Alternatively, just the non-redundant sequences can be iterated:

    for geneid, translation in db.nr_genes:
        print(f">{geneid}\n{translation}\n")

A FASTA file can be written containing just the non-redundant sequences like this:

    db.write("/path/to/file.fasta", nr=True)    # nr=False for all genes

Pham assembly is pretty easy with the `assemble_phams` function.
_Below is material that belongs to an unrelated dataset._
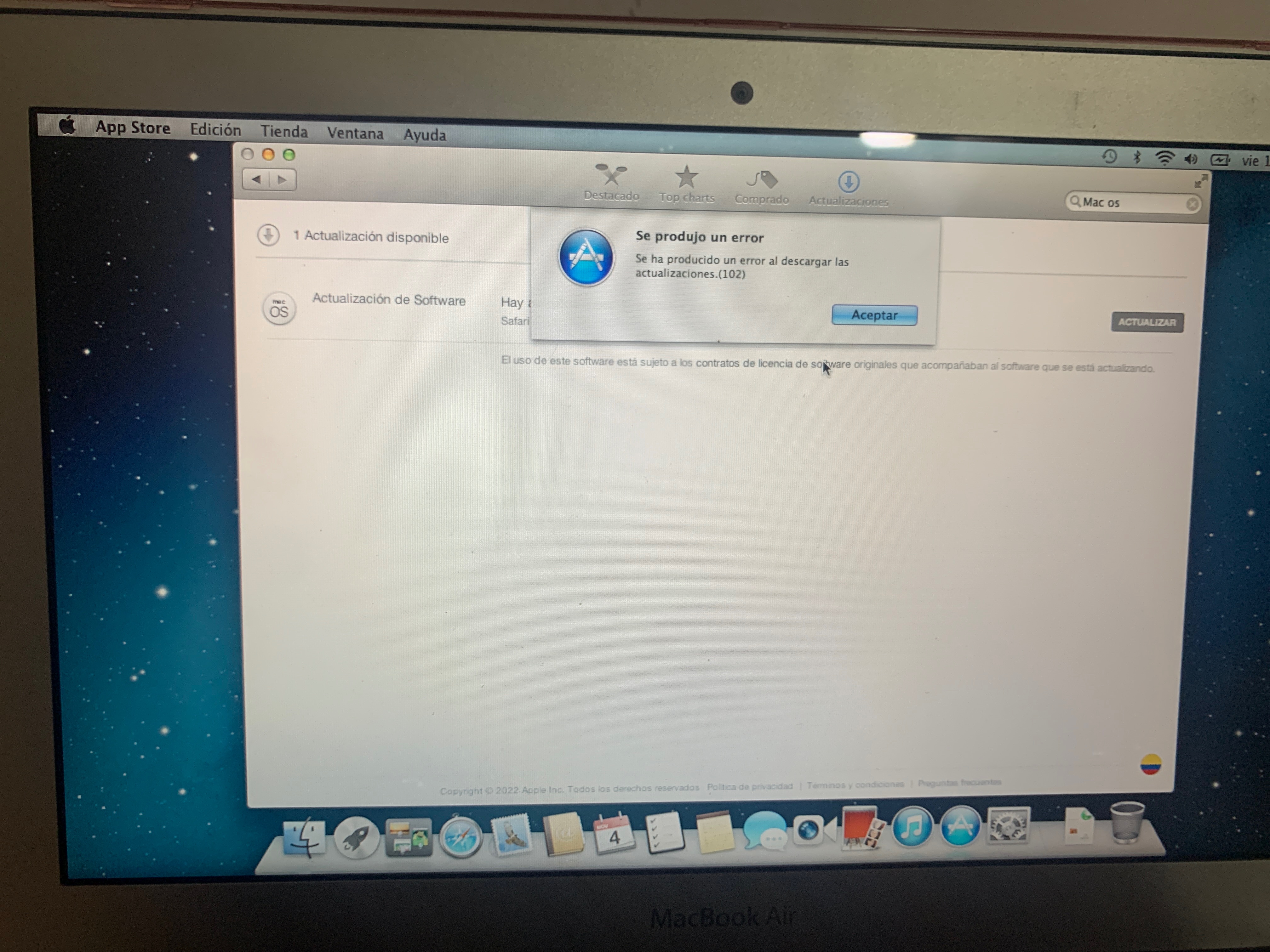 Hola buenas tardes tengo un problema con mi mac air yo la intente formatear sin respaldo ni nada y sin querer borre el disco de arranque con la version mas nueva y me intale la version lion 10.8.5. Y al intentar actualizarla a la mas reciente me aparece el error 102 de actualizacion de software realmente ya no se que hacer necesito ayuda para volver a actualizar mi mac (No me deja navegar en safari)

You'll need to define the clustering parameters in two
dictionaries (one for sequence-sequence clustering, one for profile-consensus clustering):

    seq_params = {"identity": 35, "coverage": 80, "evalue": 0.001,
                  "sensitivity": 7, "cluster_mode": 0, "cluster_steps": 1}
    hmm_params = {"identity": 15, "coverage": 70, "evalue": 0.001,
                  "sensitivity": 7, "cluster_mode": 0, "cluster_steps": 3}
    
    phams = assemble_phams(db, seq_params, hmm_params)

If profile-consensus clustering is not needed, simply omit the hmm_params:

    phams = assemble_phams(db, seq_params)

`phams` is a list of `Pham` objects, which have a few useful attributes and functions in addition to all those found 
in the parent class (`SequenceDB`), for example:

    pham = phams[0]
    pham.minimum_length     # return length of shortest gene -> int
    pham.average_length     # return average gene length     -> float
    pham.maximum_length     # return length of longest gene  -> int
    pham.is_orpham          # is this pham an orpham?        -> bool

If one has reason to do so, phams can easily be merged:

    first, second = phams[0], phams[1]
    len(first), len(second) # 775, 682
    first.merge(second)     # copies every sequence from second into first

Far more advanced workflows can be built leveraging the other submodules in phammseqs. For example, one can directly 
invoke MMseqs2 pipelines, or run ClustalO to generate MSAs of individual FASTA files of interest.